- [Task data]

___

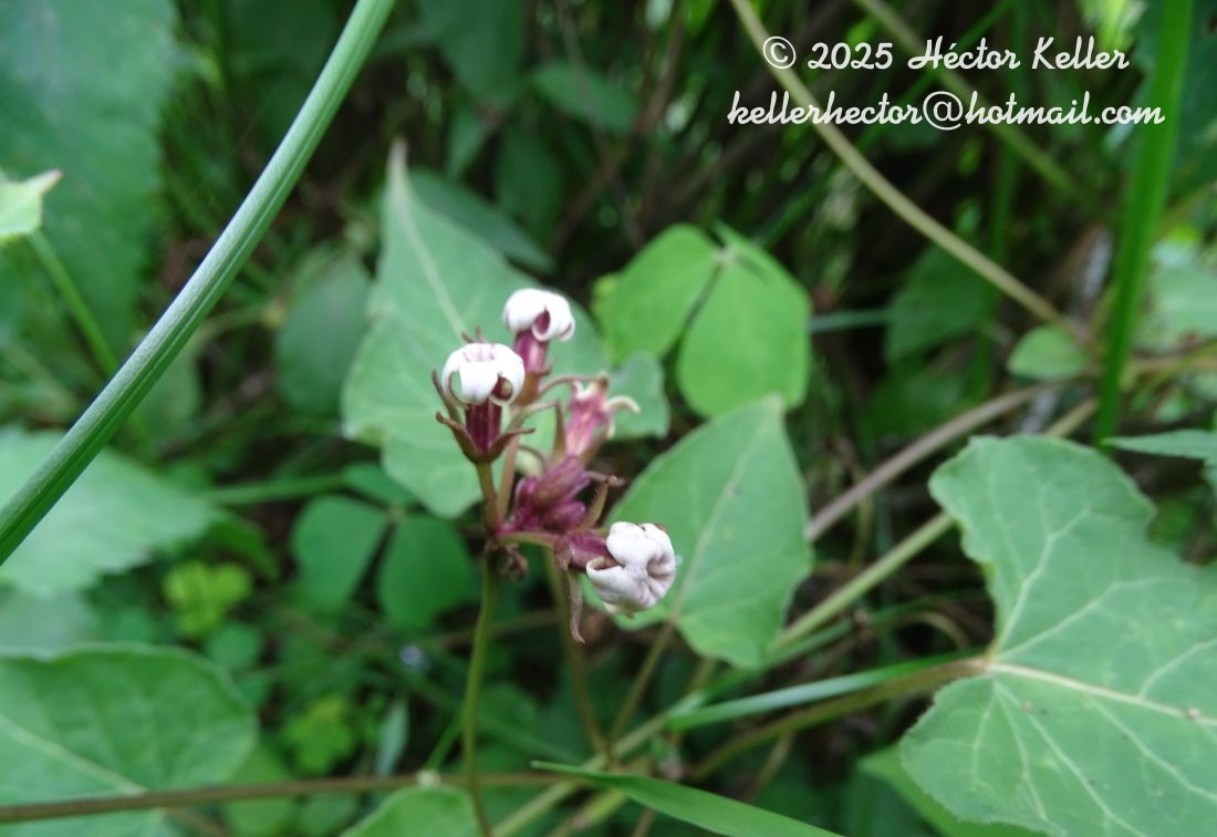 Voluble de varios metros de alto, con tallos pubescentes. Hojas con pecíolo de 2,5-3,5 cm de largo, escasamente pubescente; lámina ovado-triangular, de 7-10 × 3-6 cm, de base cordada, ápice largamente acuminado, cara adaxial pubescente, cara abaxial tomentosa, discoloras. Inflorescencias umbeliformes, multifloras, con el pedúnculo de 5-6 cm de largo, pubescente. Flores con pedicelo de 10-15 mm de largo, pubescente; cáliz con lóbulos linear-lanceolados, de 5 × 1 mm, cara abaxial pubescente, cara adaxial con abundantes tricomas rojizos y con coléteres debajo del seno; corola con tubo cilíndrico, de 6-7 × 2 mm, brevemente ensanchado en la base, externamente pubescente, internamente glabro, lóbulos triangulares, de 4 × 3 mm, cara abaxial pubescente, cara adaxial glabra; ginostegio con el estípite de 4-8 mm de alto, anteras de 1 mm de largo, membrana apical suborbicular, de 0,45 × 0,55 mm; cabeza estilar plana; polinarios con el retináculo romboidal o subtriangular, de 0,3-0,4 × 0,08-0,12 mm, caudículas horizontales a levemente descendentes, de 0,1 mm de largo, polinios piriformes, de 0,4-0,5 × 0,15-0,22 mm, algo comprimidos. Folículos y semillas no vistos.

___

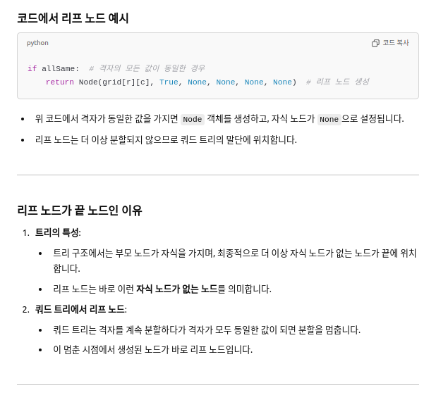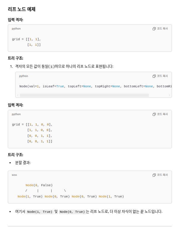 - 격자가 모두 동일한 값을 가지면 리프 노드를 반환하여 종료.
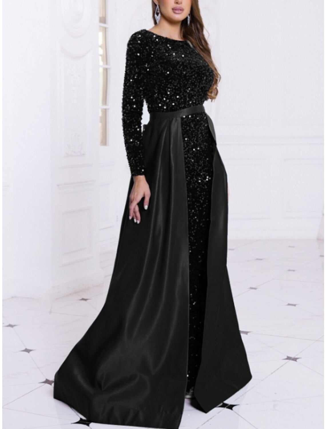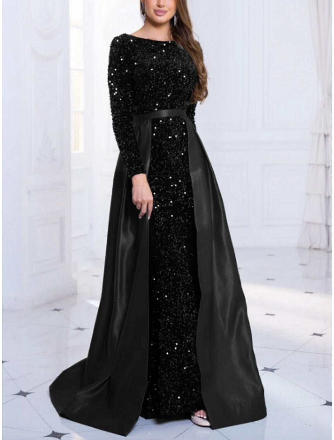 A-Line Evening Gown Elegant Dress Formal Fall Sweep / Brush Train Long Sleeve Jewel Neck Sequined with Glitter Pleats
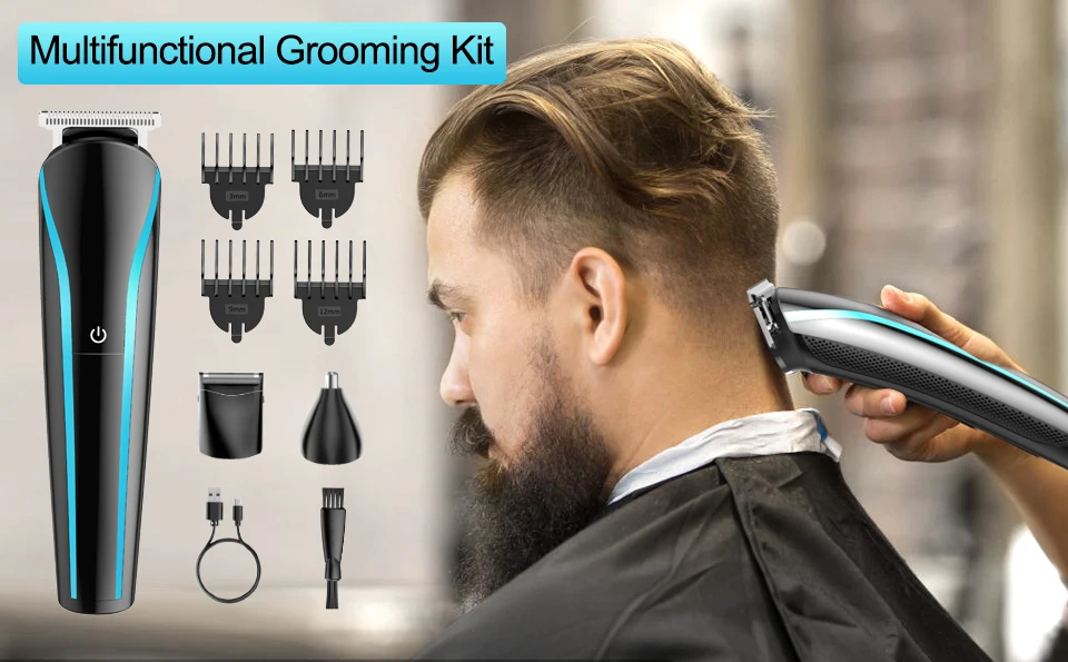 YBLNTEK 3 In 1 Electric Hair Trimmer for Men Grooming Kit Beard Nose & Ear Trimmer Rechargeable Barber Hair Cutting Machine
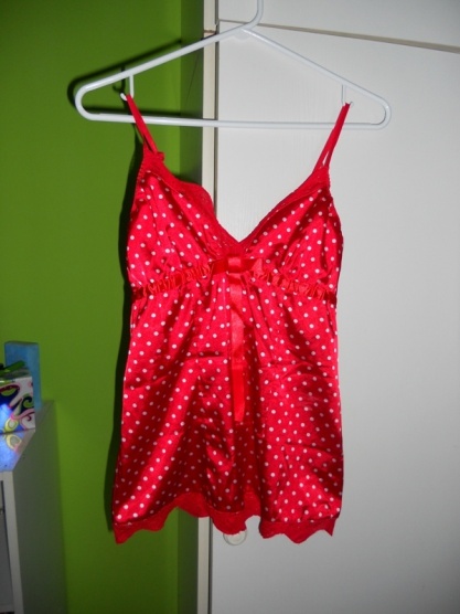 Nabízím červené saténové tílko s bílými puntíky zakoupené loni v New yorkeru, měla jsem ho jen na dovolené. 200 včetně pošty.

___

- [What needs to be done] The output is the stretch above from the line with "YBLNTEK 3 In" through the line with "Nabízím červené saténové", copied word for word with both ends kept and every picture dropped.

- [Output]
 YBLNTEK 3 In 1 Electric Hair Trimmer for Men Grooming Kit Beard Nose & Ear Trimmer Rechargeable Barber Hair Cutting Machine
 Nabízím červené saténové tílko s bílými puntíky zakoupené loni v New yorkeru, měla jsem ho jen na dovolené. 200 včetně pošty.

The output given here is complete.